Michael Ross, President of Fidelity Bank in Dearborn, Michigan recently turned down $29m in previously requested funds. He explains the reasons for bailing on the bailout:
But as details emerged, the deal didn’t look so good. For Fidelity, taking the money would mean the government would have owned about 25 percent of the company’s outstanding stock. Then Congress and the White House could start calling the shots, Ross said. He remembers the government’s failure overseeing Freddie Mac and its sister company, Fannie Mae, the two housing companies so badly mismanaged they were taken over by the Bush administration.
“These are the guys who brought you Hurricane Katrina.
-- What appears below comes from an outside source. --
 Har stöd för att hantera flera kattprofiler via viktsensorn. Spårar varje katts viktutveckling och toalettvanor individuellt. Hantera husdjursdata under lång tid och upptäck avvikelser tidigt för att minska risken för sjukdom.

These are the guys who were supposed to be watching Fannie and Freddie,” Ross said. “I’ve not seen anything like this, where they really are talking about nationalizing banks.”
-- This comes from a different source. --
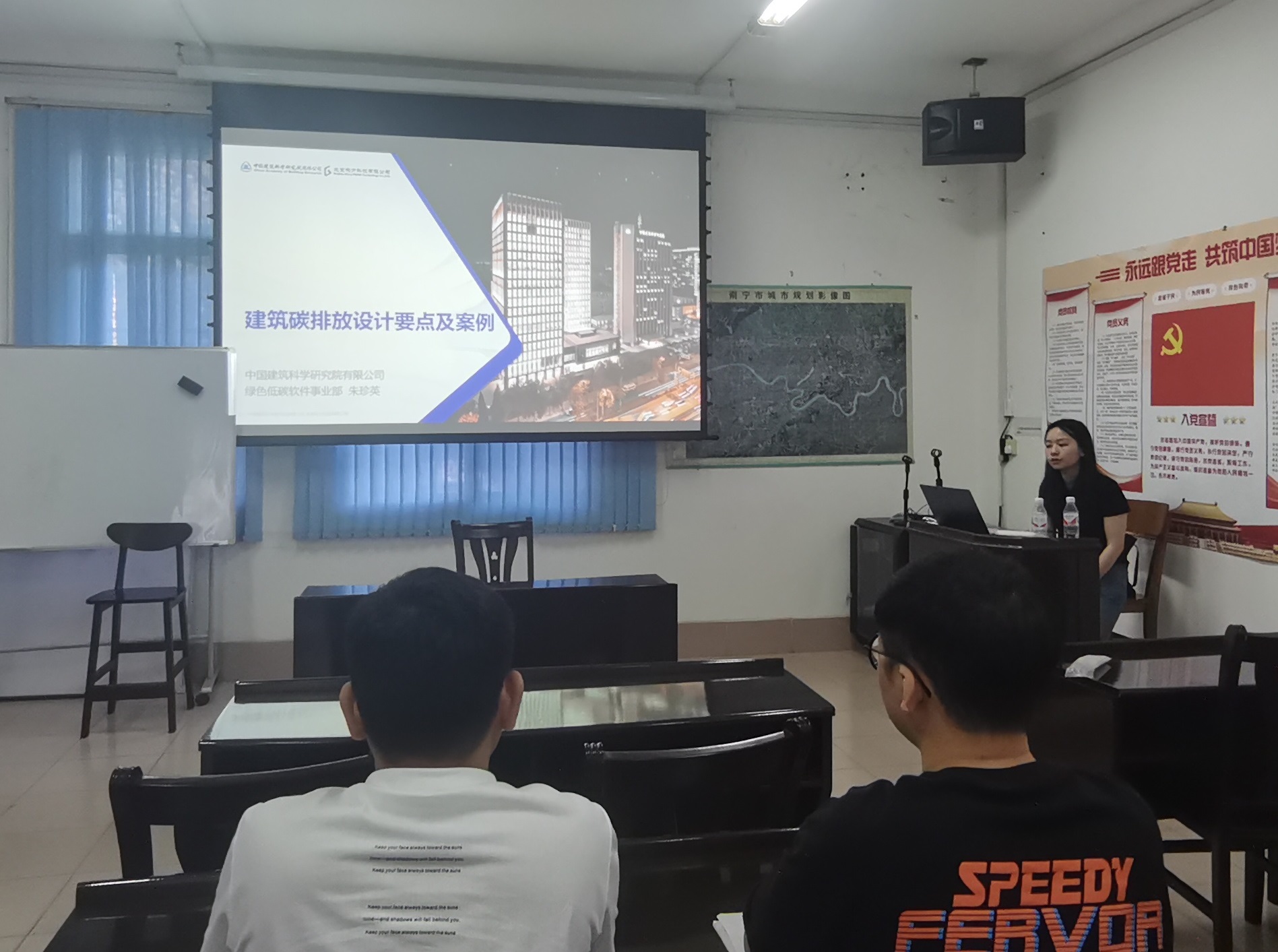 会上,朱珍英表示建筑领域碳减排是我国实现碳达峰碳中和的重要组成部分,运用实际案例,详解了《广西公居建建筑节能地标及建筑通规》、《建筑环境通用规范》、《广西及全国各省市碳排放政策及审查相关要点》,阐述了超低能耗、近零能耗建筑技术,以及零碳建筑、园区、城区技术体系应用。各设计师也结合工作实际针对绿色建筑设计具体问题进行了交流分享。

If you take government funds, you get politicians telling you how to run your business:
Much of the criticism about the bailout has focused on the lack of oversight, which allowed banks to take money and refuse to say where it’s going. Wall Street executives, who make millions of dollars and enjoy lavish perks like private jets, earned the ire of consumer watchdogs who said taxpayers were getting a raw deal.
But some community banks, which had little or nothing to do with the subprime mortgage crisis, say the deal didn’t look great for them, either.
Congress wants banks to make loans, so businesses can expand and people can start buying houses again. But lawmakers also want them to make only trustworthy loans. But there are only so many good loans to make in a weak economy with high unemployment.
Explaining that to investors is easy. To politicians, it might looks like you’re hoarding taxpayer money.
“Then what? Then they have a guy at our board meeting?” said William Campbell, president of Pamrapo Savings Bank, a Bayonne, N.J., bank that walked away from its $11 million bailout application.
Most of the small banks around the country did not get involved in sub prime lending and are not in trouble. This should be a great time for them. Their largest competitors should be out of business and they should be gaining market share. Instead the government propped up their competitors with cheap capital. Kudos to Michael Ross and the other small bankers who are rejecting the government handout. If I lived in Dearborn, I’d be down there opening an account.